A typical variable air volume system is shown in the figure below:
Air returning from the zone is brought into the air handler by a return fan which is also able to modulate the amount of air, often by using a variable frequency drive. The air handler includes dampers that provide supply air by mixing outdoor air and return air in order to meet the outdoor air requirements for the zones being served. When outdoor temperatures are lower than the supply air temperature but not too low, greater outdoor air quantities are used in what is called an economizer mode. The supply air is then filtered and conditioned by a cooling coil and often a preheat coil. The cooling coil can either be hydronic, using water pumped from a central plant that includes a chiller, or can be a direct-expansion coil for a smaller VAV system, often located on a rooftop. The cooling coil provides dehumidification, and condensate is often collected under the coil and drained away from the air handling unit. The preheat coil is necessary for colder climates where even with minimal outdoor air, the supply air would be colder than desired if no heat was added.
The supply fan, which provides a variable volume of supply air to the supply duct, draws the air over the cooling coil and, when present, the preheat coil. The supply fan is typically a variable speed fan using a variable frequency drive or, for older systems, has inlet guide vanes or dampers or other means of reducing airflow. The supply air temperature in the duct is maintained at a constant temperature, usually near 55F, although it may be reset depending on the season or outdoor air temperature. The temperature is controlled by sensors in the duct and modulated by the cooling coil, preheat coil, and economizer operation.

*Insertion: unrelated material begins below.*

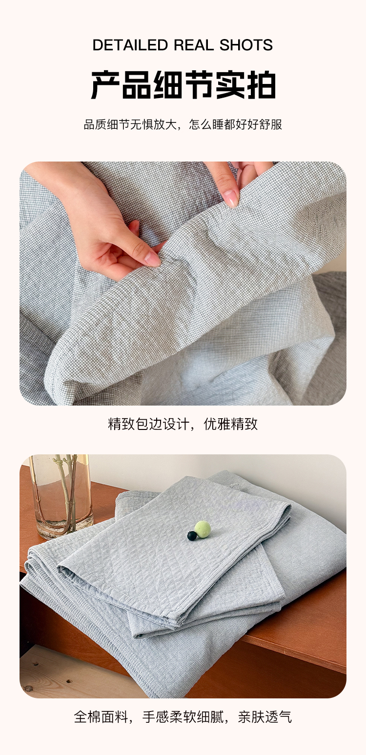 (总)沐瑟家纺 2026新款全棉四层纱布床盖-星星和心情系列,心情-粉色,心情-灰蓝,心情-卡其,星星-黄色,星星-灰色,星星-蓝色,星星-紫色,组合

Variable air volume terminal boxes, or VAV boxes, come in a variety of configurations:
- Throttle without reheat - the box modulates the amount of air supplied to the zone by using an air valve or damper to reduce the supply flow. The amount of air is modulated in response to the zone air temperature thermostat or sensor. Most are pressure independent so that the flow control is in response to the zone air temperature and not the supply duct pressure. Without reheat, a zone can be over-cooled, so these are only appropriate for zones that are not expecting heating, such as some core zones.
- Throttle with reheat - the addition of a reheat coil allows these terminal boxes to be applied to all zones, including perimeter zones. The reheat coil is either a hydronic coil that is supplied hot water from a central boiler or an electric resistance coil. The control of the air volume during cooling and heating operation is described more below.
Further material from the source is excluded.